One of the traditional functions of having clothes on is to keep warm, so naturally cultures situated in hot climates will tend towards skimpier outfits year-round than those in cold ones. Contrary to popular presumption, walking around in loincloths isn't a sign of technological or social "backwardness", but rather a most comfortable choice of costume in hot environments.







*Exhibit 1:* Soldiers from ancient Egypt, Northeast Africa.






*Exhibit 2:* Soldier from ancient Mali, West Africa.

These guys didn't come from so-called "savage" tribes, but from large centralized empires with plenty of monumental architecture lying around, or what we call "civilizations". On the other hand, plenty of smaller-scale societies we _would_ stereotype as "tribal" put on more clothing, because they lived in cold parts of the world. The correlation is with climate rather than "civilization".






*Figure 3:* Viking warrior, Northern Europe

To be sure, there are exceptions to this rule, especially for lighter-skinned peoples who have to worry about sunburn as well as heat exhaustion. That's probably why extensive skin covering has been such a big thing in the Middle East, even way before Islam. And on the other hand, people from hot climates can put on more clothing if they want to show off their fashion sense, or have been influenced by other cultures where more clothing is the norm. See this modern African lady for instance:






*Figure 4: *Young woman from somewhere in Africa, though I know not where yet.

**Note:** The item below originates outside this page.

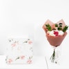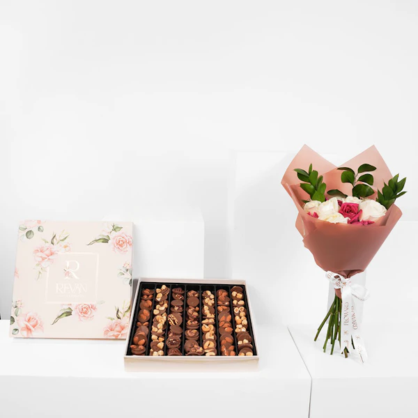 Surprise Mom with our delightful Revan chocolate discs with nuts box, a decadent assortment weighing 700g. Each bite is a perfect blend of rich chocolate and crunchy nuts, creating a heavenly taste experience. Accompanying this indulgent treat is a hand bouquet featuring the purity of white roses, the vibrant charm of fuchsia roses, and the lush greenery of ruscus foliage, elegantly wrapped in creme wrapping.

(As a minor aside, MS really needs to up their image-per-post limit. I had to cut way more illustrative examples than I wanted)


----------



## Addison (Mar 17, 2015)

Okay I am not that fashion-wise. I know how to make an outfit, color scheme and everything. But I can't quite make the fashion for my world. It's a contemporary fantasy. So if magic and mortal live peacefully side by side then the fashion will mix at some point. Like people can wear jeans, a pirate tunic/tshirt and boots/sneakers.

I'm just not sure where the line is with creating this fashion. Something that's balanced and something that says "What the %^$ is this?". Any ideas or pointers?


----------



## TheCatholicCrow (Mar 17, 2015)

Addison said:


> Any ideas or pointers?



Perhaps use similar clothing styles (Jeans + a peasant blouse) but only the one group likes to add a vest or one prefers tight pants & the other something more loose (like linen?)

You could maybe play off different color schemes - have the mortal dress in neutral tones (blacks, whites, tans, grays etc) while the magical wear essentially the same style of clothes in vibrant colors (and the crossover might be bright colored jewelry or something). 

There are other things to consider such as embroidery, how many outfits the characters own, the material of fabric (wool would have been cheaper in the middle ages but now polyester is actually cheaper than real/decent wool). Other things to consider might be undergarments (corsets? cotton? none at all?)... you don't have to write about if you're envisioning everything from head to toe this is part of it. 

To me contemporary = a wrist watch ... I know most people check time w phones now but I still wear one everyday and prior to the wristwatch pocket watches were the big thing. So if you want something to mix it all - maybe use wrist watches with hand-embroidered handkerchiefs (I use those too but it's not really a "contemporary" thing). 

Otherwise ... maybe search Pinterest for inspiration and collect some images that you find striking - then sit back & figure out the elements you like from each.


----------



## Legendary Sidekick (Mar 17, 2015)

Addison said:


> Okay I am not that fashion-wise. I know how to make an outfit, color scheme and everything. But


No buts!

I don't know a darn thing about fashion, aside from darn being a sewing term, but my character knows everything about Huntress fashions. So as the writer, I fake it!

EXHIBIT A - Description (NOTE: Addy's thoughts are bolded since quotes italicize everything.)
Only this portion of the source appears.